Today, it’s just less than 15 minutes.

The dreaded red box, it’s all too familiar this time of year in Oklahoma.

Right now the average lead time is 14 minutes but imagine if you had 30 or 60 minutes.

David Stens-Rude of the National Severe Storms Laboratory plans to find out if that is possible with the “warn-on-forecast.”

“Hopefully we can give forecast information before the storm is severe,” he said.

Current tornado warnings are issued based on a storm already on radar.

The warn-on forecast aims to accurately predict a storm before a cloud even forms.

But don’t expect to see this anytime soon.

“Our projections based on current events is that within 10 to 15 years, affordable computers will be fast enough that we can do this,” Stens-Rude said.

In addition to the computers and science, Rick Smith of the National Weather Service said researchers need to study the social aspect.

“If you tell someone a tornado is coming in one to two hours, what do you do with that information,” Smith said. “Do you start sounding sirens at that point?

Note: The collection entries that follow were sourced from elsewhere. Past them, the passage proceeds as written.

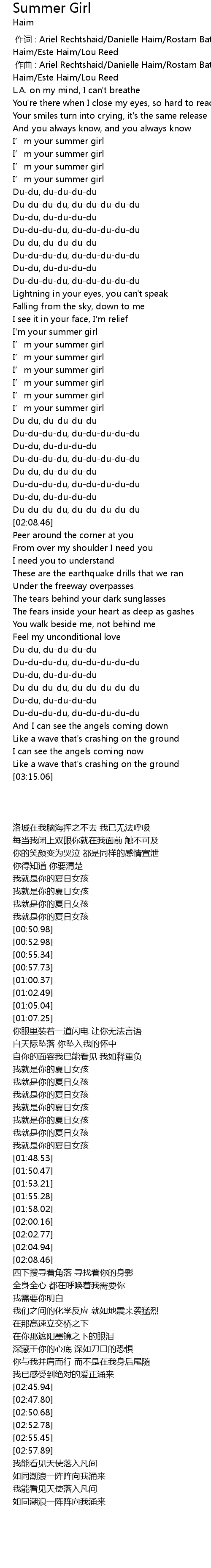 | [00:01.00] | zuò qǔ : Ariel Rechtshaid Danielle Haim Rostam Batmanglij Alana Haim Este Haim Lou Reed |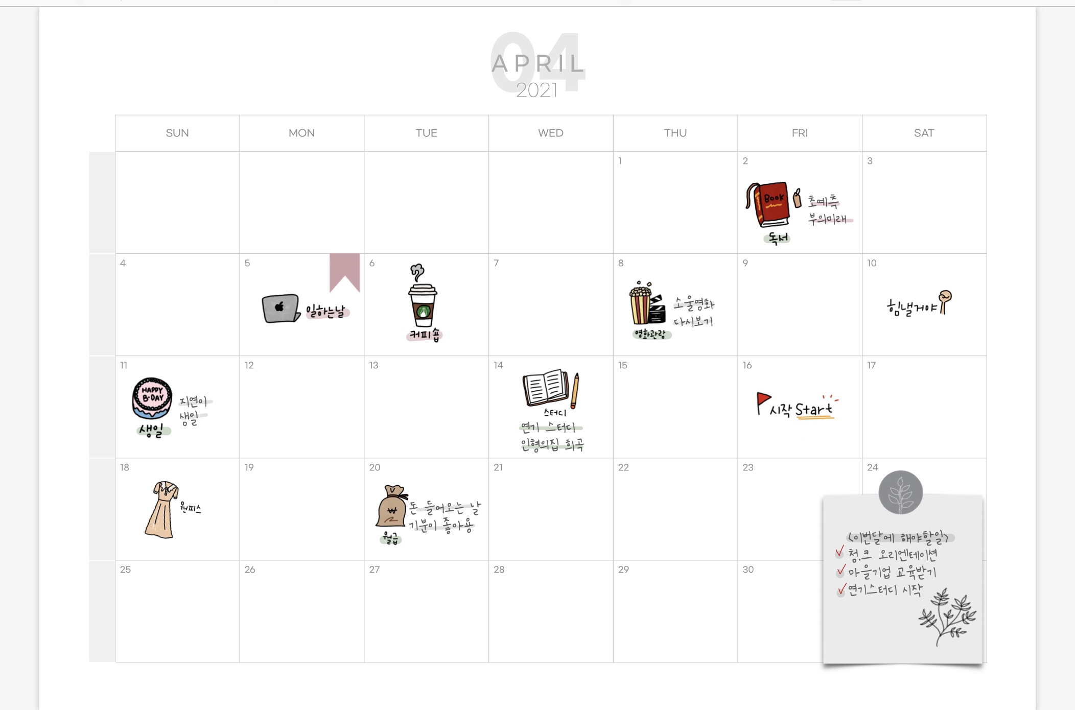 안녕하세요 도란입니다. 오늘은 4월 하이퍼링크 월간 다이어리 속지를 가지고 왔습니다. :)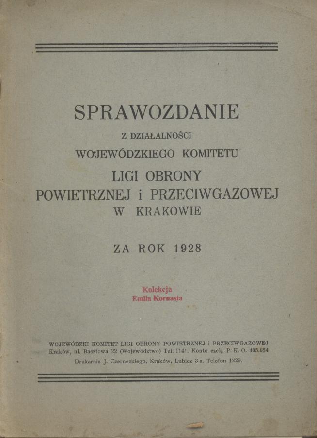 Sprawozdanie z działalności Wojewódzkiego Komitetu Ligi Obrony Powietrznej i Przeciwgazowej w Krakowie za rok 1928

Do you take shelter at that point? What are people going to do in terms of getting on the roads and driving?”

Smith said May 24 last year shows how a warn-on forecast may work.

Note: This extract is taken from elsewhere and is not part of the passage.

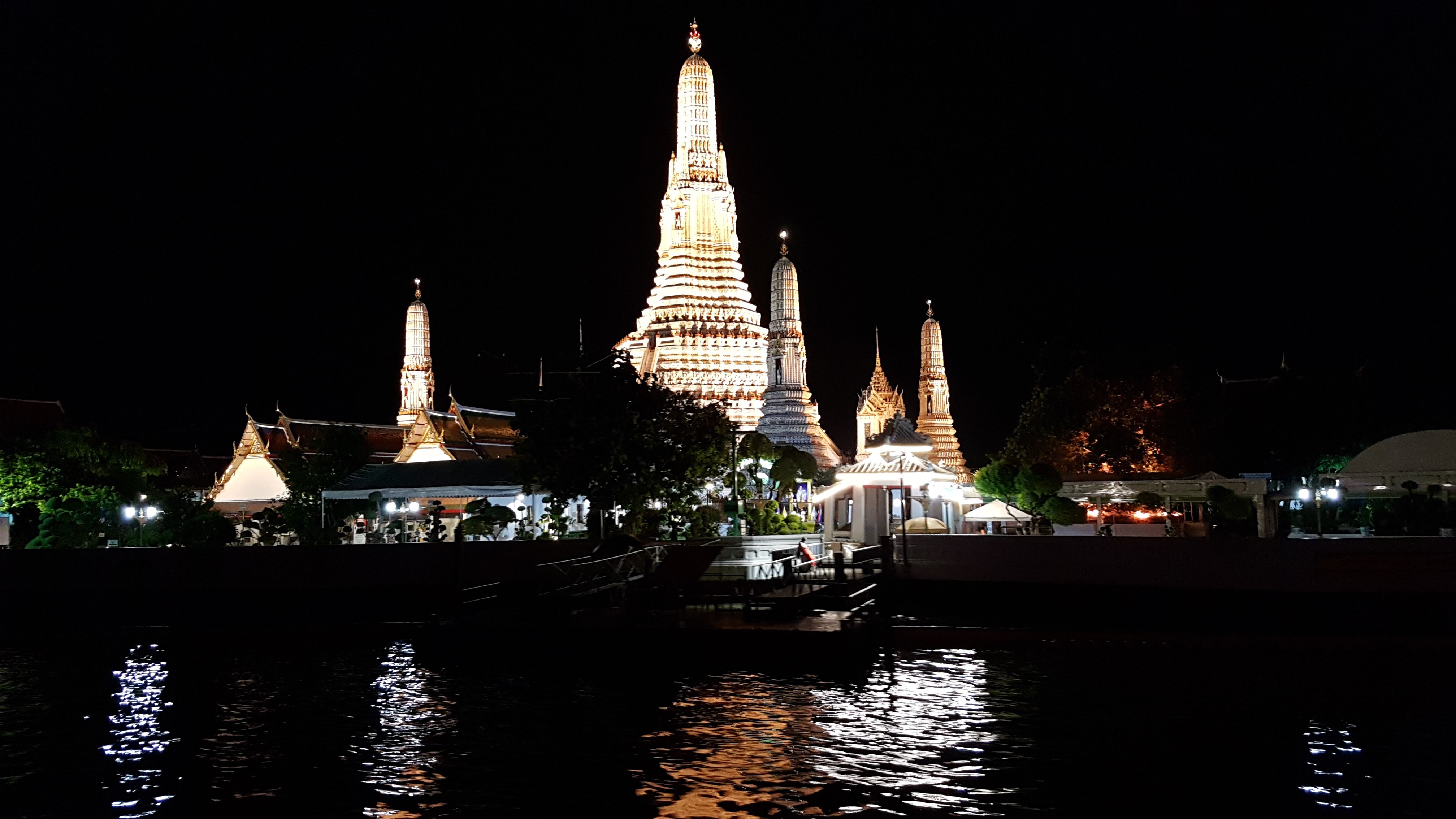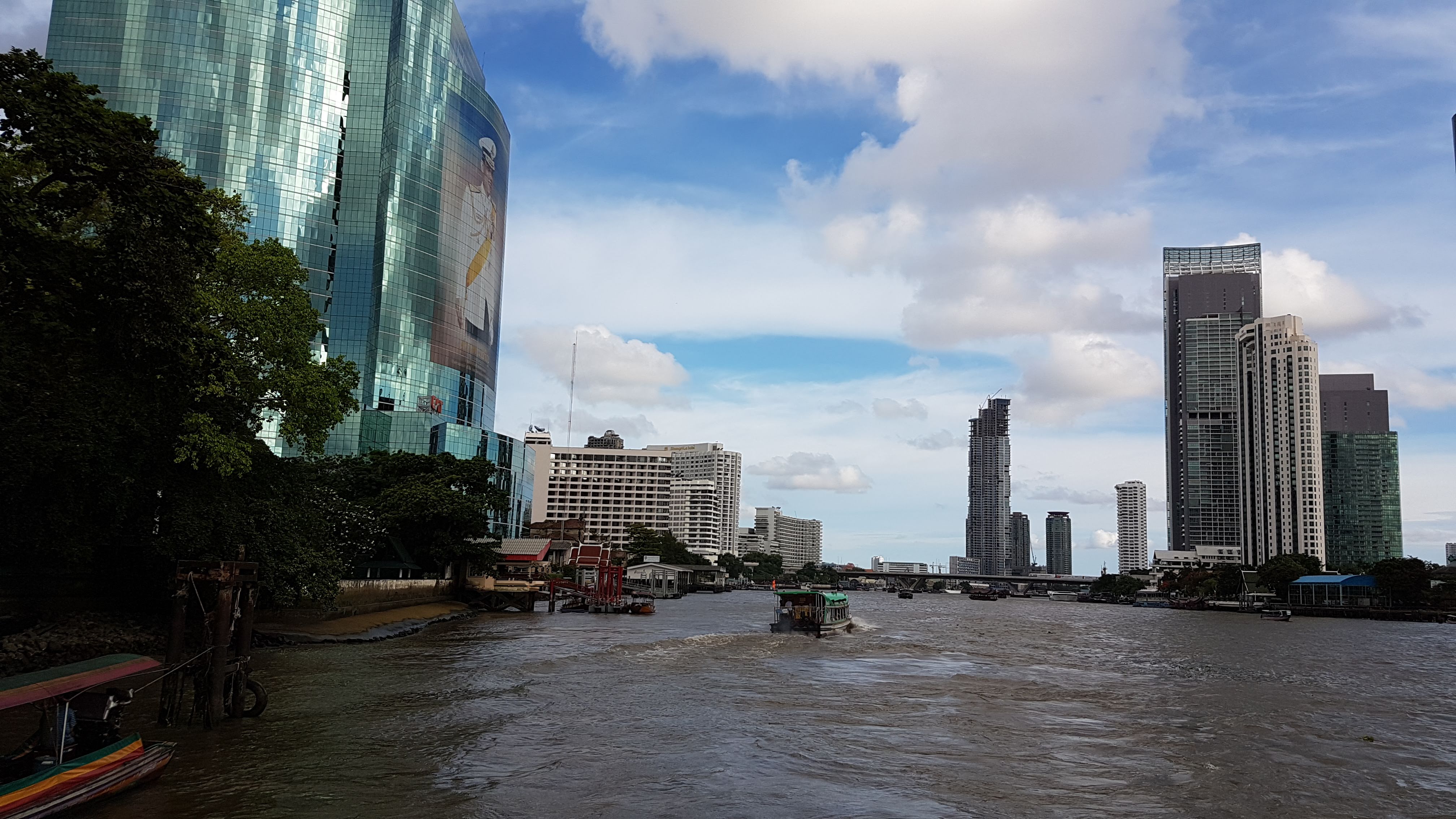 Wir beziehen unser direkt am Chao Phraya liegendes Hoter und haben von Balkon aus einen herrlichen Blick auf die "Haupttempel" Bangkoks, den Wat Phra Kaeo mit Königspalast, den Wat Pho und den Wat Arun. Fantastisch! Auch das rege Treiben auf dem Fluss weckt unsere Aufmerksamkeit. Hier verkehren die verschiedensten Schiffe und Fähren. Das war auch ein Grund, weshalb ich das Hotel direkt am Fluss gebucht habe. Nach 100m sind wir am Bootsanleger und kommen schnell zu den wichtigsten Sehenswürdigkeiten, ohne Strassenverkehr, ohne Stau und ohne Stress.

“At 10 a.m. that morning we had specified a two-county wide area along either side of I-35 and said, ‘Between 4 p.m. and 7 p.m. there was a high potential for strong and violent long-track tornadoes.”

With the help of the media, smith said people reacted and prepared.

Graduations moved, businesses closed early, likely saving lives.

Researchers plan to start testing the forecasts in the next two years.

Project leaders hope to get a better understanding of model accuracy in the next five years.